Each word in the data below should be copied exactly; the images should not.

**Data**
○ ○ ○ ○ ○

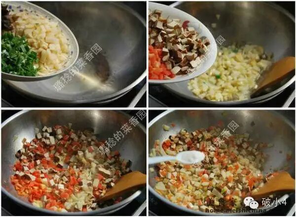 3、炒底菜:锅内油烧热后,先下土豆片。 4、再下豆腐干丁。 5、下胡萝卜片。 6、加盐2勺。 ![]()
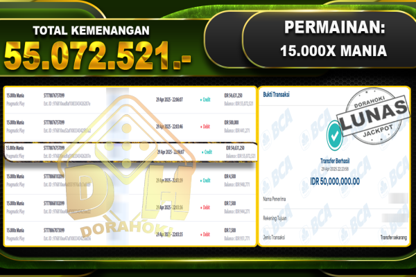 Bukti JP TOGEL Carolinaeve – ucapkan selamat kepada user id Uloxxx atas kemenangan di TOGEL Carolinaeve dengan total kemenangan Rp 10.870.000,- . Yang pasti nya langsung LUNAS sesuai bukti ya bosku. Dorahoki nih bosku berapapun akan tetap kami bayar lunas ya bosku. Kami mengucapkan Terima Kasih telah mempercayakan DORAHOKI sebagai Bandar Online pilihan dalam bermain judi…
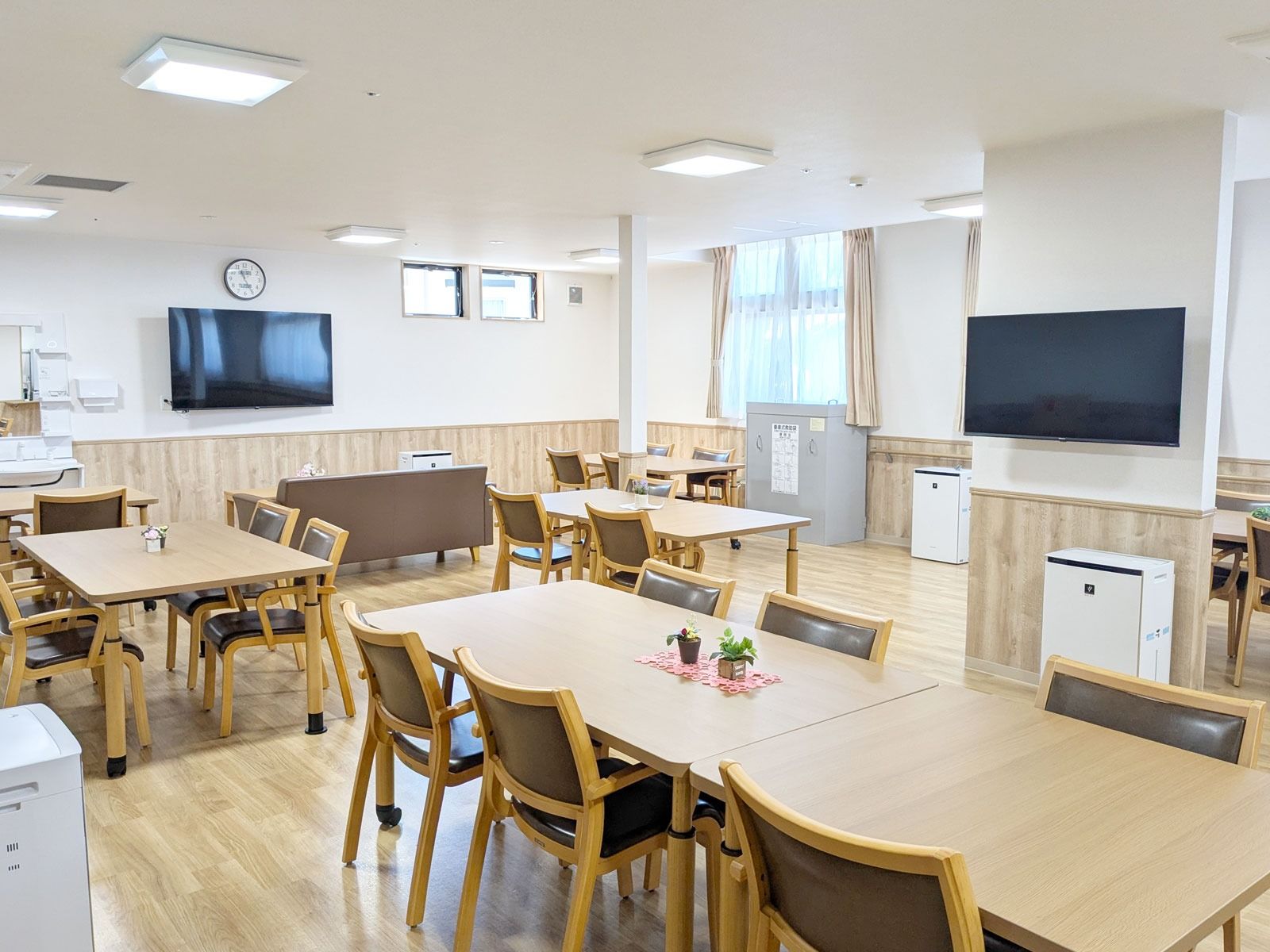 快適な個室での生活に加え、食堂では他のご入居者様との団欒を楽しむことができます。明るく開放感のある食堂は、コミュニケーションの場としても活用いただけます。入浴設備も充実しており、身体状況に合わせてリフト浴と個浴を選択することが可能です。特にリフト浴は身体に負担をかけずに安全に入浴いただける設備として好評です。清潔感のある廊下やエントランスも整備され、エレベーターも完備しているため施設内の移動もスムーズに行っていただけます。

○ ○ ○ ○ ○

**Written solution**
 3、炒底菜:锅内油烧热后,先下土豆片。 4、再下豆腐干丁。 5、下胡萝卜片。 6、加盐2勺。 ![]()
 Bukti JP TOGEL Carolinaeve – ucapkan selamat kepada user id Uloxxx atas kemenangan di TOGEL Carolinaeve dengan total kemenangan Rp 10.870.000,- . Yang pasti nya langsung LUNAS sesuai bukti ya bosku. Dorahoki nih bosku berapapun akan tetap kami bayar lunas ya bosku. Kami mengucapkan Terima Kasih telah mempercayakan DORAHOKI sebagai Bandar Online pilihan dalam bermain judi…
 快適な個室での生活に加え、食堂では他のご入居者様との団欒を楽しむことができます。明るく開放感のある食堂は、コミュニケーションの場としても活用いただけます。入浴設備も充実しており、身体状況に合わせてリフト浴と個浴を選択することが可能です。特にリフト浴は身体に負担をかけずに安全に入浴いただける設備として好評です。清潔感のある廊下やエントランスも整備され、エレベーターも完備しているため施設内の移動もスムーズに行っていただけます。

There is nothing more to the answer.